16 January 2008

You can’t hoot without an air hose

Fowl have a longstanding history with the Disney Company. One famously feathered friend even makes the cut for the Fab 5. But, of all the brethren of the beak, only one species tops the pecking order, the wise old owl. There have been stuffy teachers and know-it-alls, like Professor Owl from Adventures and Music and Owl from The Many Adventures of Winnie-the-Pooh respectively. We have also had our protectors in Big Mama, from Fox in the Hound, and Friend Owl, in Bambi. There are other owls in the Disney birdhouse, though the distant cousin of these stars, the accordion owl from Alice in Wonderland, is rarely invited to family reunions.
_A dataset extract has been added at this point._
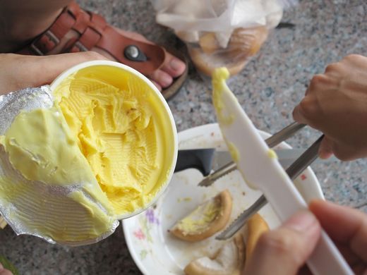 除了大姐頭跟著米糕烤完全程,女主人忙著準備接待,不會吧~才幾個人買了一顆花蓮西瓜,根本就吃不完,就算打成汁還是喝不完丫~其他的我們,只能幫忙塗塗奶油啦、端端盤子啦,老實說這次買的東西~真的是太多啦~女孩子總是小胃口~哪吃得下那麼多~其他叫大姐頭打包回去加菜啦~不然真的是浪費食物~

Inside today’s parks, owls are still present. From the true life variety, available for viewing inside of Disney’s Animal Kingdom, to Owl, of Winnie-the-Pooh fame, who has set up his nest in the Magic Kingdom. In fact, Owl has the distinction of possessing the deed to the land The Many Adventures of Winnie the Pooh. The deed was bestowed upon him by the previous resident, Mr. Toad, with photographic evidence of the event hanging upon the wall in Owl’s house. But there is one owl from the park, whose roots go back decades, which has not been seen, or heard from, in years.
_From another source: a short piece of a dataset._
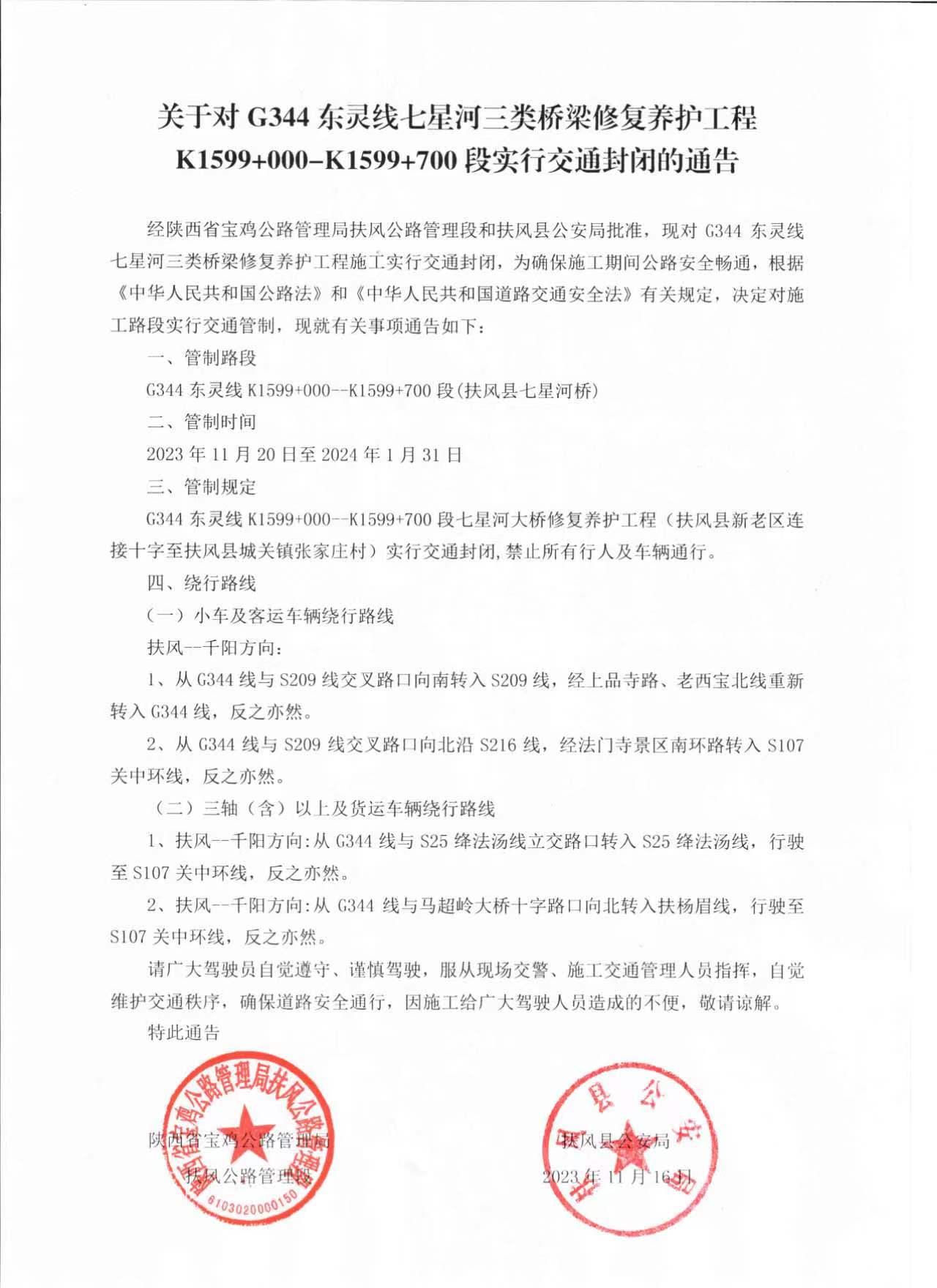 关于G344东灵线扶风七星河挢梁维修交通管制的通告

Hoot Gibson, named after a silent film cowboy from the 1920s, was to have taken guests on a tour of the West on the permanently shelved attraction, the Western River Expedition (WRE). The Western River Expedition, part of what would have been called Thunder Mesa, in Frontierland, would have showcased rowdy cowboys, bandits, Native American rain dances, and even singing cacti. If this concept sounds vaguely like Pirates of the Caribbean, it should, as both were the brain children of Marc Davis, who set out to one up himself with the creation of Thunder Mesa. Yet, of all the designs for the project, only one ever saw the light of day, the tour guide of the West, Hoot Gibson.
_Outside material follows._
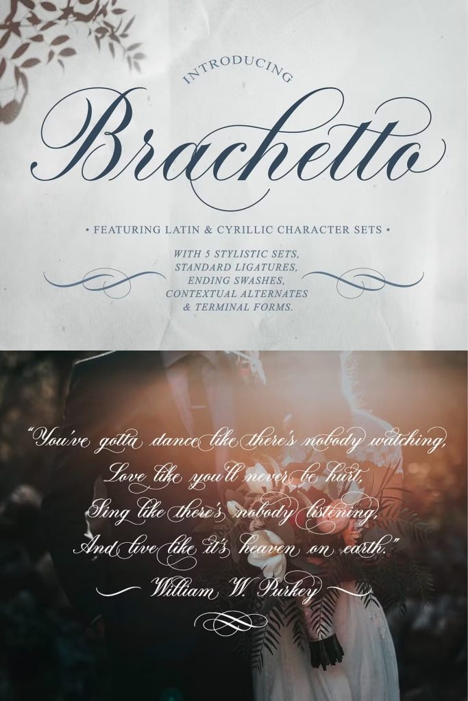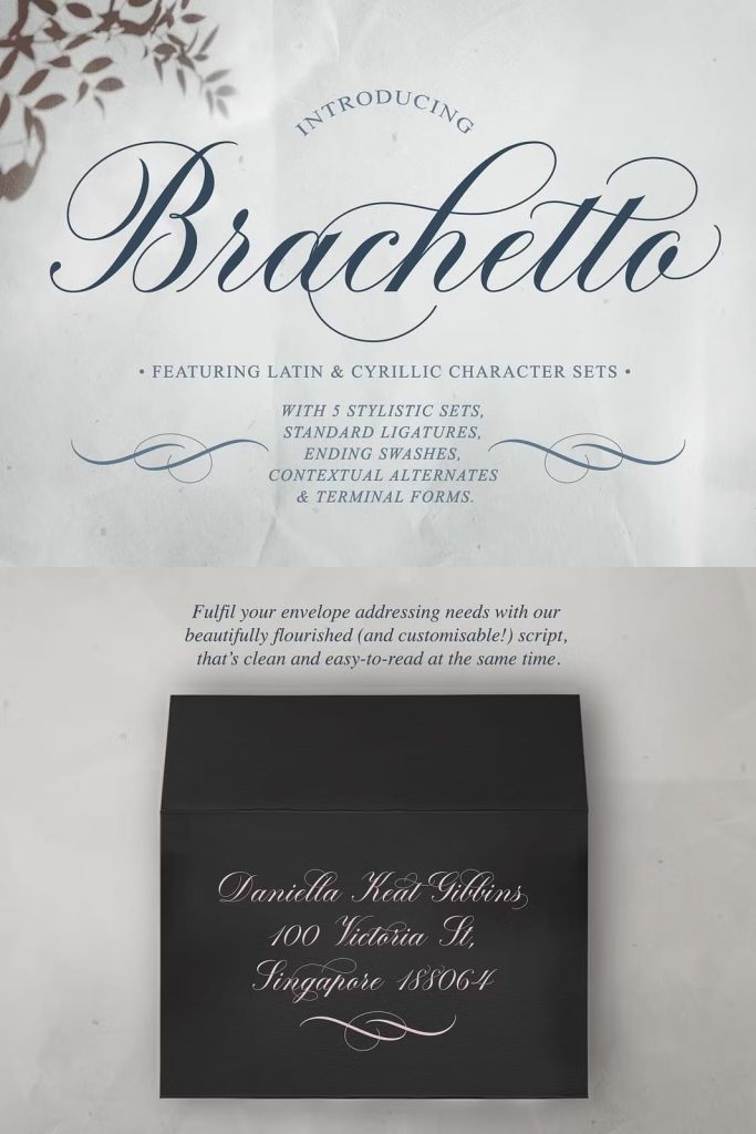 Brachetto is a calligraphy script font, influenced by traditional script style with an added touch of modernity and flourished elegance. It features a diverse range of stylistic alternates, contextual alternates, standard ligatures and terminal forms, and ensures countless options for you to choose from for your design work. This font is delicately crafted and well thought out with every little detail in mind, to ensure its ease and versatility when used.

When the Walt Disney Story attraction opened on Main Street U.S.A. in 1973, Hoot was there. He gave audiences who ventured through the post show a glimpse behind the scenes, a glimpse into the future, and a glimpse into his heritage by proclaiming, “My grandpa, for example, had one of the lead roles in Bambi.” Near the end of his dialogue he told guests to come back and visit him at the Western River Expedition, an expedition that never got underway. Hoot continued to proclaim the future of the western frontier until 1981, when the exhibit was covered over to make way for a preview of another coming attraction, EPCOT Center.

Hoot, along with the rest of Thunder Mesa, would have been a hoot. But though the feathered friends lost one of their own, I can’t imagine that we are too many years away from seeing another astute owl take wing.